Q-omics provides the consensus-scored FRA10AC1 profile across patient tissues and cancer cell-line models. FRA10AC1 expression is associated with patient survival in 23 of 34 cancer types, with the highest sampling consensus in ACC. Among the 18 cancer types available for tumor–normal comparison, FRA10AC1 is differentially expressed in 12, with the highest sampling consensus in KIRC. Additionally, FRA10AC1 RNA expression shows 20,586 significant gene co-expression associations, with the highest sampling consensus in UVM. Together, these results highlight ACC, KIRC, and UVM as cancer lineages where FRA10AC1 shows reproducible signals across survival, tumor–normal expression, and patient cross-omics analyses.
Every result is evaluated using two consensus scores. Sampling consensus measures how consistently a finding is reproduced within a cancer lineage across different conditions. Lineage consensus measures how broadly the result is shared across cancer types, distinguishing pan-cancer signals from lineage-specific patterns.
Premium analyses for FRA10AC1 — synthetic lethality, tumor antigen, and pembrolizumab response.
This table summarizes FRA10AC1 survival associations across molecular data types.
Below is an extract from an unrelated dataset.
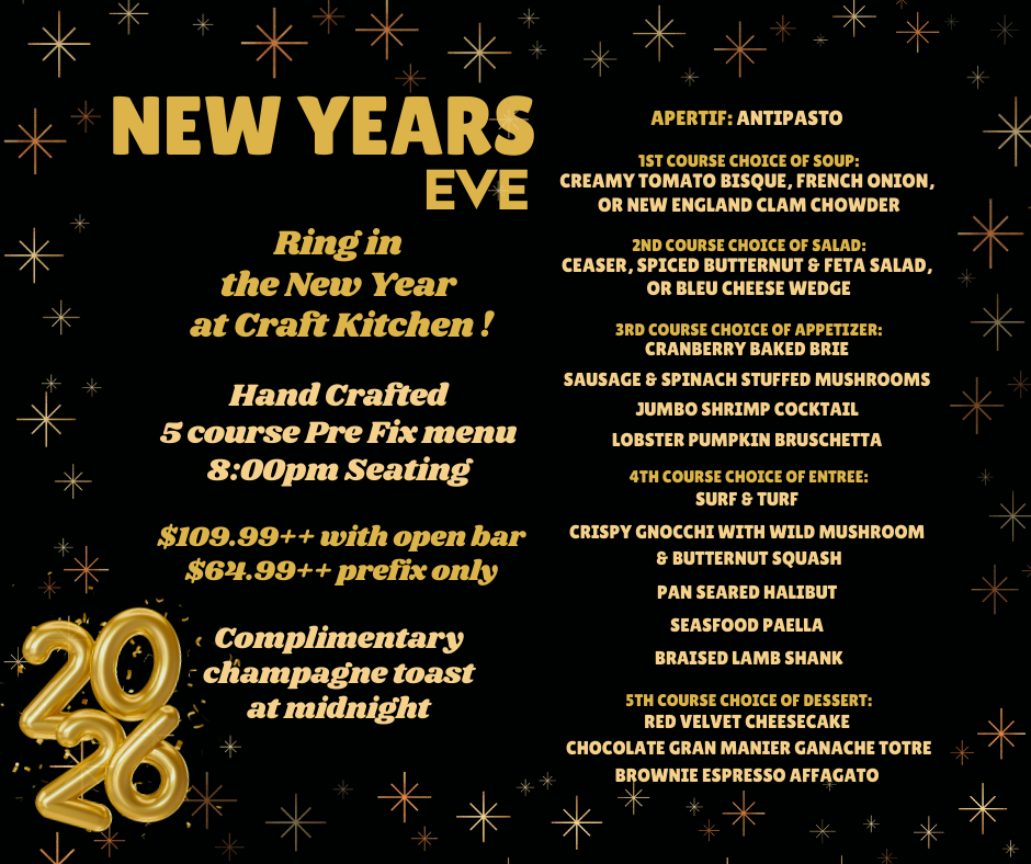 Ring in the New Year with us at Craft! An unforgettable New Year’s Eve celebration designed to delight and create memories that last a lifetime. Enjoy chef-crafted multi-course pre fix menu featuring the freshest seasonal ingredients, optional open bar packages, and delectable house made desserts. Our expert mixologists will be presenting a selection of signature cocktails, premium spirits, and a champagne toast at midnight.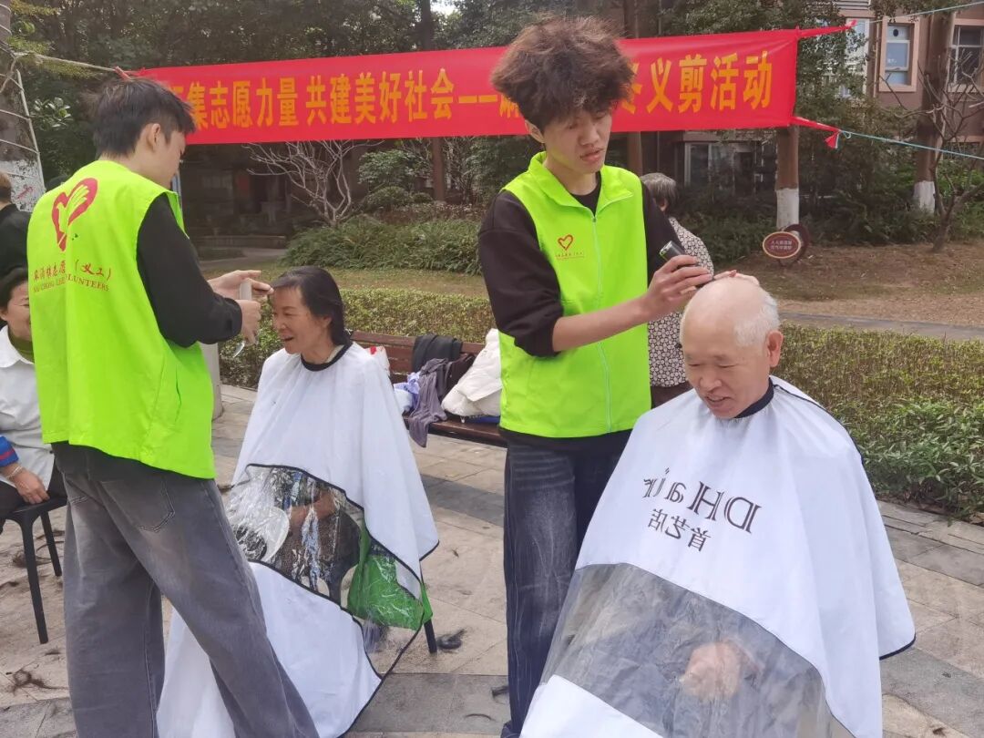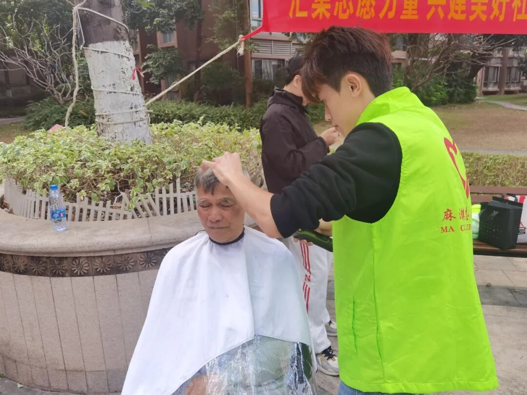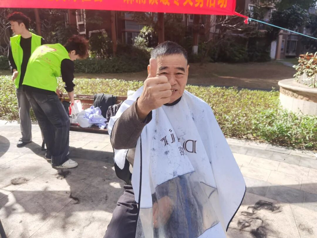 “阿叔,您想剪短一点还是留一点?”“阿婆,您的头发要梳得整齐些,这样看着更精神!”……活动中,志愿者们一边娴熟地梳理、修剪发丝,一边轻声询问居民的需求,还不时与大家唠唠家常。剪刀开合间,纷飞的发丝落下,居民们的面容也愈发清爽精神。

FRA10AC1 RNA expression shows survival associations in the most cancer types (23), followed by mutation status (3) and mass-spec protein abundance (6). The rightmost column indicates the cancer type with the highest sampling consensus for each molecular layer.
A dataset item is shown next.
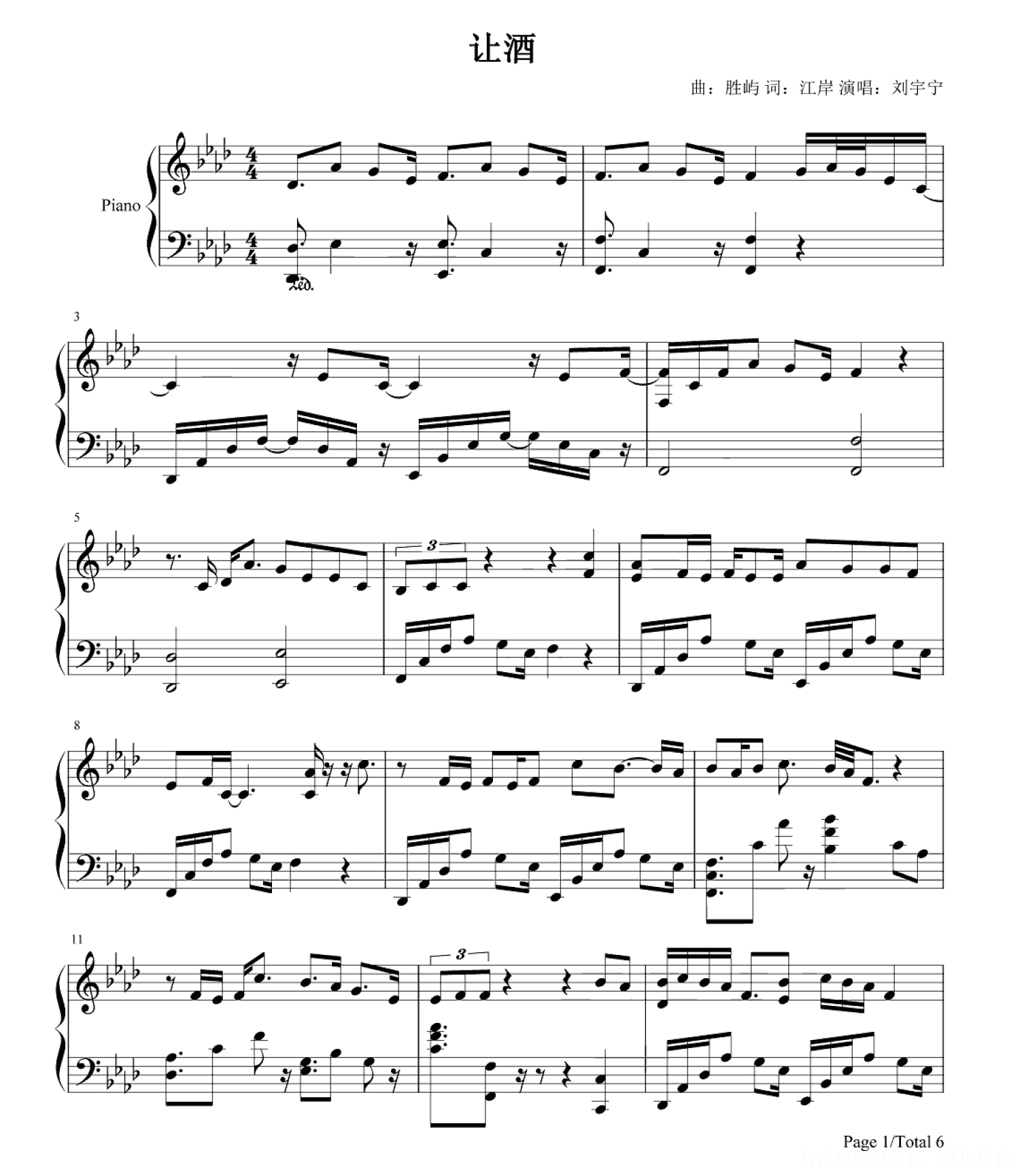 当前位置:琴谱网>钢琴谱>让酒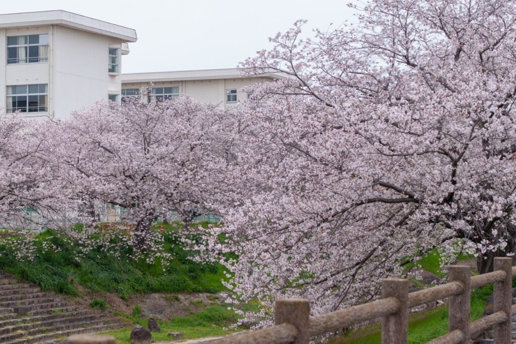 学校と桜。

This table ranks reproducible FRA10AC1 RNA expression–survival associations across cancer types. High FRA10AC1 expression shows unfavorable associations in ACC, UVM and LIHC, but favorable associations in BRCA, SKCM and LGG. The ACC Kaplan–Meier curve shows clear separation, with the high-expression group declining faster, consistent with the unfavorable association (log-rank p < 0.001). Together, the overview and detailed table identify ACC as the clearest survival context for FRA10AC1 RNA expression.
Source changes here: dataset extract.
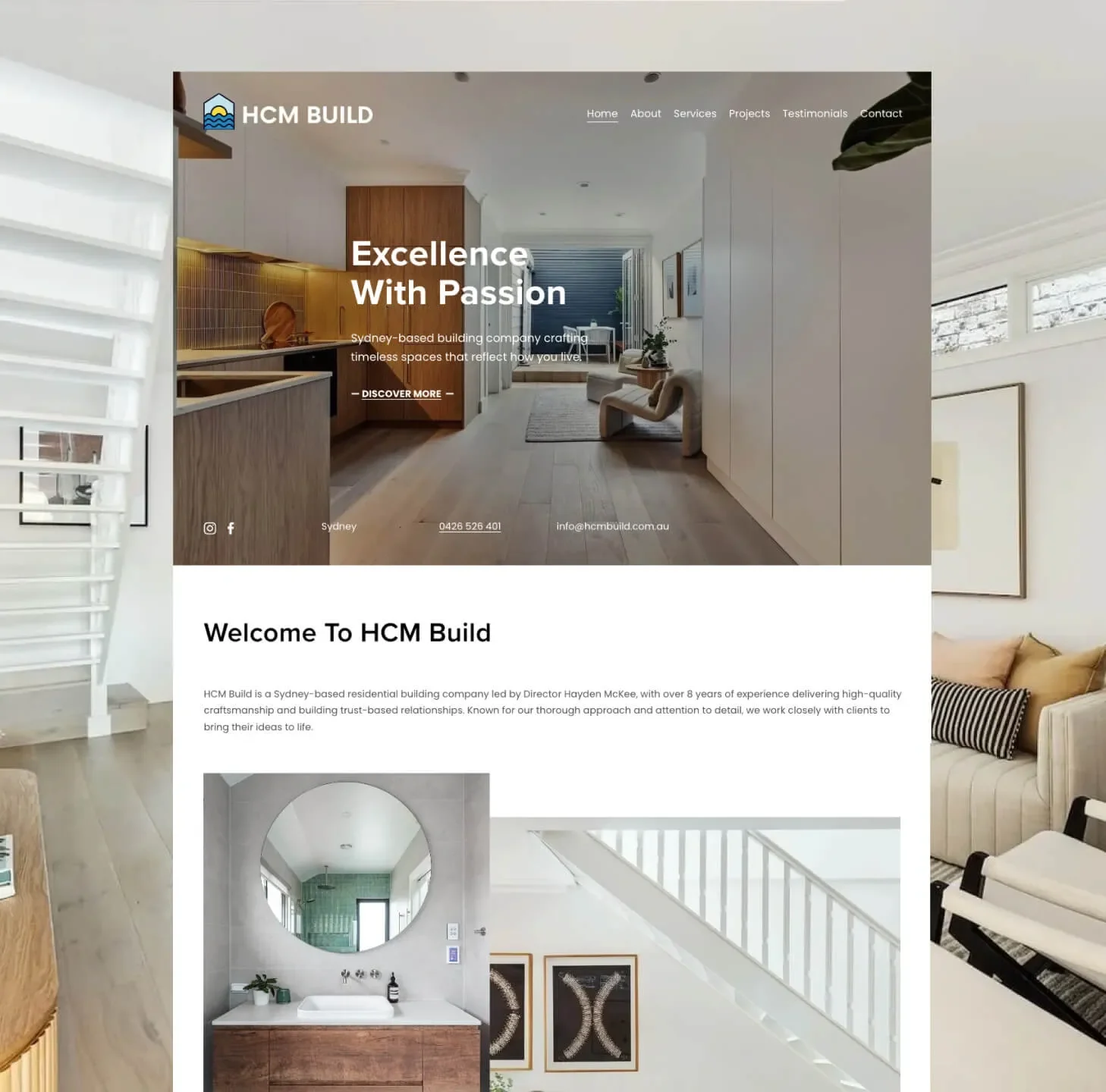 HCM Build is led by Director Hayden McKee, a Sydney builder with a growing body of quality residential work. The craftsmanship was there. Client feedback was strong. The issue was perception. The previous website did not reflect the business properly. Visual presentation was weak, project work lacked structure, and the overall experience reduced confidence rather than reinforcing it. The brief was not about marketing noise. It was about correction. Build a website that accurately represents the quality of work, supports trust, and gives serious clients a reason to take the business seriously.

This table summarizes FRA10AC1 tumor–normal expression differences by data type. RNA shows broader differences across cancer types, with a lineage consensus of 12, while mass-spec protein shows differences in 4. The strongest signals are observed in KIRC for RNA and LSCC for protein.
This table ranks reproducible tumor–normal expression differences for FRA10AC1. A negative fold-change indicates higher expression in normal tissue than in tumor tissue. FRA10AC1 shows lower tumor expression in KICH, BRCA, BLCA and THCA and higher tumor expression in KIRC and LIHC. The KIRC box plot shows higher FRA10AC1 RNA expression in tumor versus normal tissue (log2 FC = +0.428, t-test p < 0.001).
This table shows molecular features associated with FRA10AC1 in patient tissues and cancer cell lines. In patient samples, FRA10AC1 shows the broadest associations at the RNA and protein expression levels, with UVM recurring as the lineage with the largest associated feature set. In cancer cell lines, FRA10AC1 RNA and mutation anchors are most strongly linked to RNA-expression features, especially in LUNG_NSCLC_LUAD, while CRISPR and shRNA rows add functional-dependency signals in BLOOD_Leukemia and SOFT_TISSUE.